Q: And then with regards to the Pennsylvania permit? What’s left there for that to be done?
Jeff Hutton: We have two outstanding permits that are commonly known as a section 102 and section 105 permits. You’re probably aware that the Pennsylvania DEP went out for public comments back in May on these two permits. That was closed late June. There were several thousand comments submitted and quite frankly a lot of them were positive. And right now the DET is sorting through those comments, preparing answers and finalizing last minute data requests from questions that may have come up during that comment period. So we’re expecting going forward that these permits is getting the final touches to them, so to speak. And they’ll be out the door here mid to late August.
Q: Looking at the Gen 4 completions, which you pointed out are outperforming the 4.4 bcf per 1,000 foot type curve, I recall that in going to Gen 4 from Gen 3, it was a combination of enhanced cluster spacing, some higher sand loading, some tweaks to the pumping system there.
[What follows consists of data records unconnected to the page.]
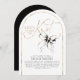This “She’s Tying the Knot” bridal shower invitation captures romance with a playful twist. A flowing gold calligraphy headline glows like fine jewelry against a crisp white backdrop, instantly drawing the eye and setting a celebratory tone. Perched delicately above the lettering, a hand-painted black watercolor bow feels like the finishing ribbon on a beautifully wrapped gift — charming, unexpected, and undeniably chic. The arch-shaped cut adds an extra layer of distinction, giving the invitation a sculptural, modern silhouette that feels as special as the moment it announces.
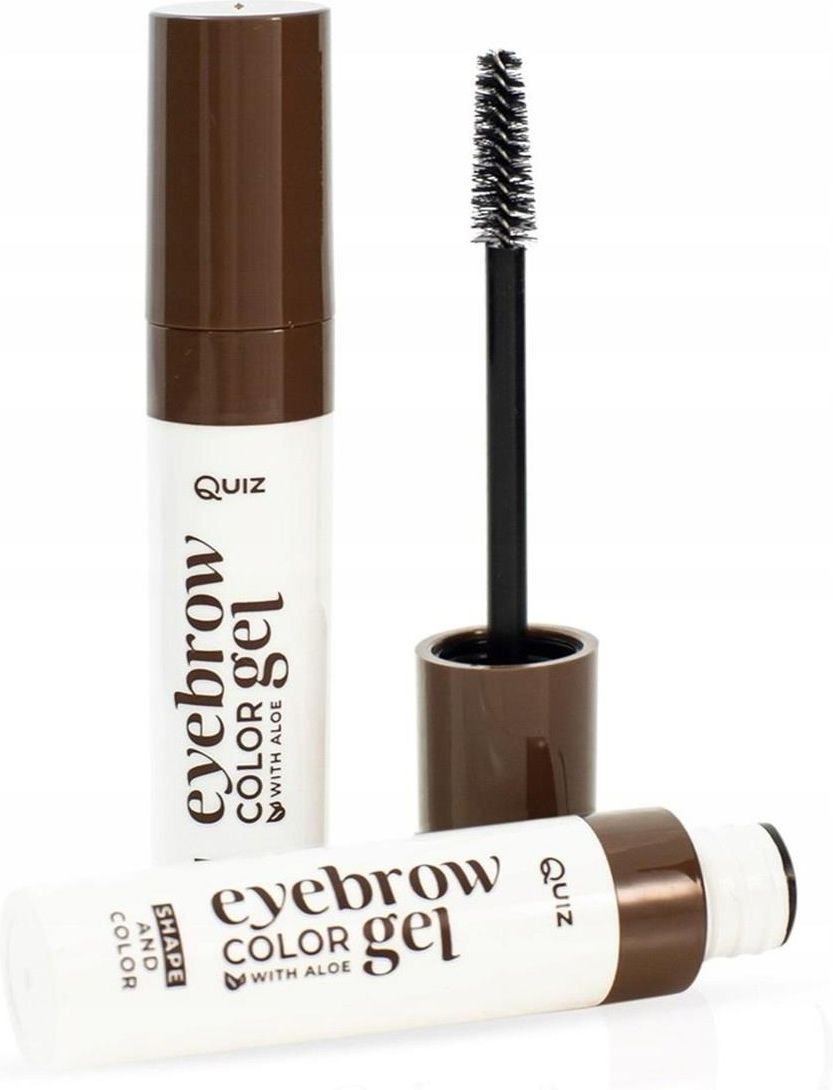 Quiz Cosmetics Eyebrow Gel Shape & Color Żel koloryzujący do brwi z aloesem Dark (1) 5ml Quiz Cosmetics Eyebrow Gel Shape & Color Żel koloryzujący do brwi z aloesem Dark (1) Eyebrow Gel Shape And Color to koloryzujący żel do brwi, który szybko wypełnia i optycznie zagęszcza włoski, nadając im idealny kształt. Doskonale wyrównuje kolor, podkreślając naturalny efekt pięknie zdefiniowanych brwi. Wzbogacony o nawilżającą formułę na bazie aloesu, dba o kondycję skóry i włosków przez cały dzień, pozostawiając je miękkie i zdrowe. • Szybkie wypełnienie i perfekcyjne podkreślenie kształtu • Intensywne wygładzenie i nawilżenie dzięki aloesowej formule • Naturalny kolor i efekt gęstych, pięknie zdefiniowanych brwi
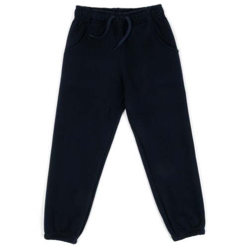 • Зручні, вільні однотонні спортивні штани для хлопчика, утеплені флісовим начосом, під гумку в поясі та по низу, без зайвих прикрас.
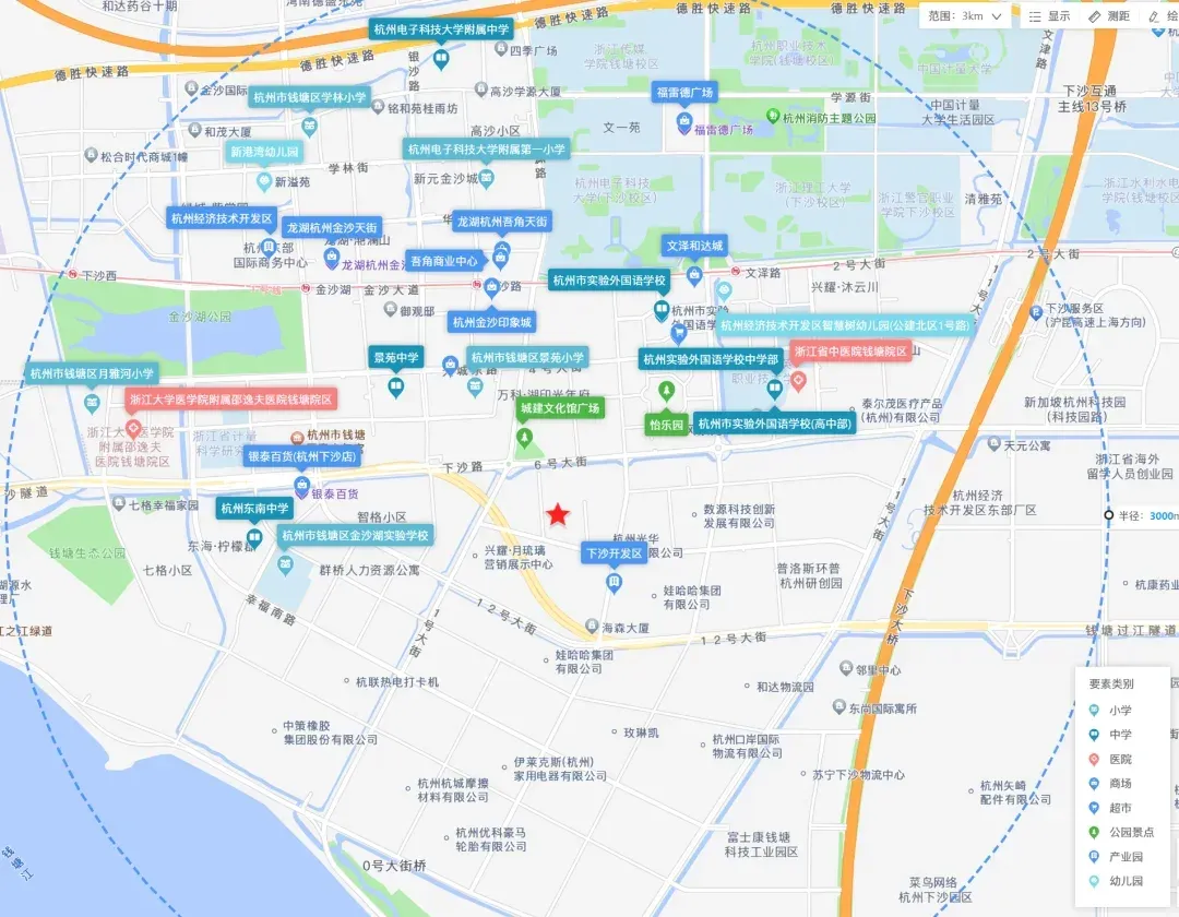 🎓 周边生活氛围浓厚,教育、商业、医疗配套完善,地块3km范围内聚集了区重点小学杭州电子科技大学附属第一小学。

But if you look at the economics in a higher cost to put in a higher sand in particular, and the tighter cluster spacing, how much of an uplift are you seeing in the actual economics given that higher cost from what is now that higher tide curve?
Dan Dinges: As far as the 4.4 bcf increase over the Gen 3 or even looking at now our current tide curve, I’m going to do a swag here and I’ll probably get slapped back, but I think it’s about 10% to 15% is the uplift I think we’re seeing.
Q: And then, I guess similarly in the Eagle Ford, I know you didn’t put out the type curves because it’s taking longer for the laterals to clean up. But there you’ve gone from 1,600 pounds per foot to 2,000 pounds per foot. Similarly is that providing enhanced economics and you then go to even higher sand loading or what are you seeing as far as optimizing the sand loading into Eagle Ford?
Dan Dinges: Well, we’ve had a little bit of discussion on additional loading, cluster spacing. Steve went over, and looking at our flowback periods with the longer laterals, more water pump to carry extra load and more clusters, we’re looking at the tweaks. And as Steve mentioned if you have more water around near well bore, more loading you push back some of the volumes back until they work their way back to the well bore. Initially, certainly with the rate it comes back does affect the rate of return, and so we’re at early, early stage trying to evaluate just exactly what is going to be the best recipe to get the most return out of the project without optimizing DUR and cost. So it’s still early and it’s work in progress and all the data gathering and database that we’re building, trying to build our big data platform as others are. We are going to be looking at it and utilizing the data to make decisions in the future.
Q: And then back to the Gen 5 completion. Is that strictly just reducing cost or it is Gen 5 in the Marcellus, some greater sand loading or even tighter cluster spacing.
Dan Dinges: Well, it’s just different. And yes, we are trying to do a little bit of both. We’re trying to see what costs can be taken out by different completion and we’re trying to make it a determination, does it also affect initial rates in the URs on the completions. Too early to speculate where we are with that.